When did my inner acid rain kick in? Sometime around the time I got hip bones. I wished for prettier curves, plusher boobs, felt I was a rectangle and my hips too big. My mother tried to tell me to own my teenage looks. She told me this even as she was doing the Jane Fonda Workout because "things require a bit more effort after 40". I thought she was perfect. She was trying to tell me that I already was too. 

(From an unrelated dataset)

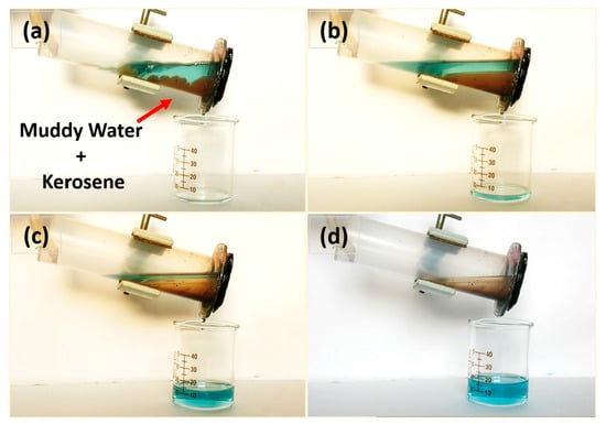 Muddy water—kerosene separation by superhydrophobic SP-3 pellet (a) before separation; (b) after 3 min of separation; (c) after 8 min of separation; (d) after 12 min of separation. Reproduced from [80], with permission from Elsevier, 2020.
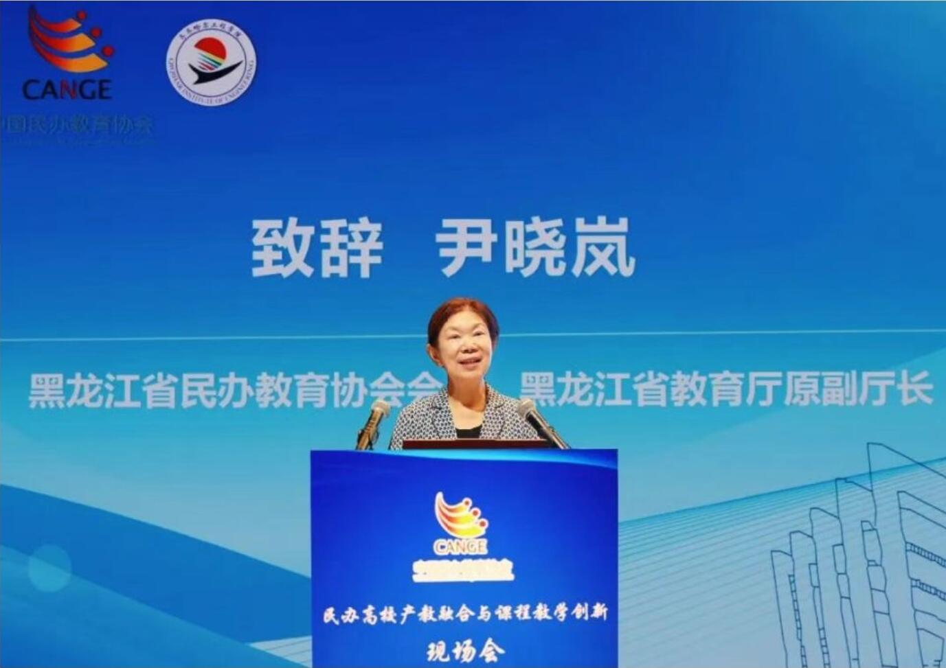 黑龙江省民办教育协会会长、黑龙江省教育厅原副厅长尹晓岚在致辞中代表黑龙江省民办教育协会,向参加会议的领导、专家学者致以衷心的感谢。她强调,黑龙江省始终坚持以习近平新时代中国特色社会主义思想为指导,深入贯彻落实党的二十大和党的二十届三中全会精神,将教育摆在优先发展的战略位置。目前,全省教育事业呈现高质量发展态势,此次会议的召开,必将为推进产教融合、促进课程教学创新注入新的活力与动力。

I am finally living that lesson, and try daily to be an example to the girls in my life that beautiful is a moment in a garden, a laugh, an unadorned morning hug, an all-made-up-in your-fancy-dress pirouette before the party even begins. Beautiful will always be what you project from within. The Glamour Sessions were a gift I could share with my daughter not only because it was a phenomenally fun afternoon but because that moment? That moment won’t come again. We are always changing, there is no point fussing over hip bones or crow’s feet.  We must learn to embrace ourselves as we are, not as we think we ought to be, but for the moment, the skin, the body we are in.

 

Helen, Kyrani, Charrisse and Noelene who organized it all want nothing more than to capture that moment. You can find The Glamour Sessions on Facebook here. And press  or more information from Noelene Searle Valleau at [email protected]. I think this, from my follow up conversation with Kyrani, is a perfect testament to the work they are doing:

“Throughout pop culture and art history, the majority (if not all) images of women were produced by men—in other words, men's view of women.  Doing the Glamour Sessions is a way for me to put out my own vision of women.  And everyday women, not fashion models or actors. The images I produce are not intended to be photoshopped to make someone look skinner, with longer legs, etc. Simply how I see you. Just a team of women working together to create something beautiful for someone else thereby seeing the beauty we create as the beauty that exists within ourselves”.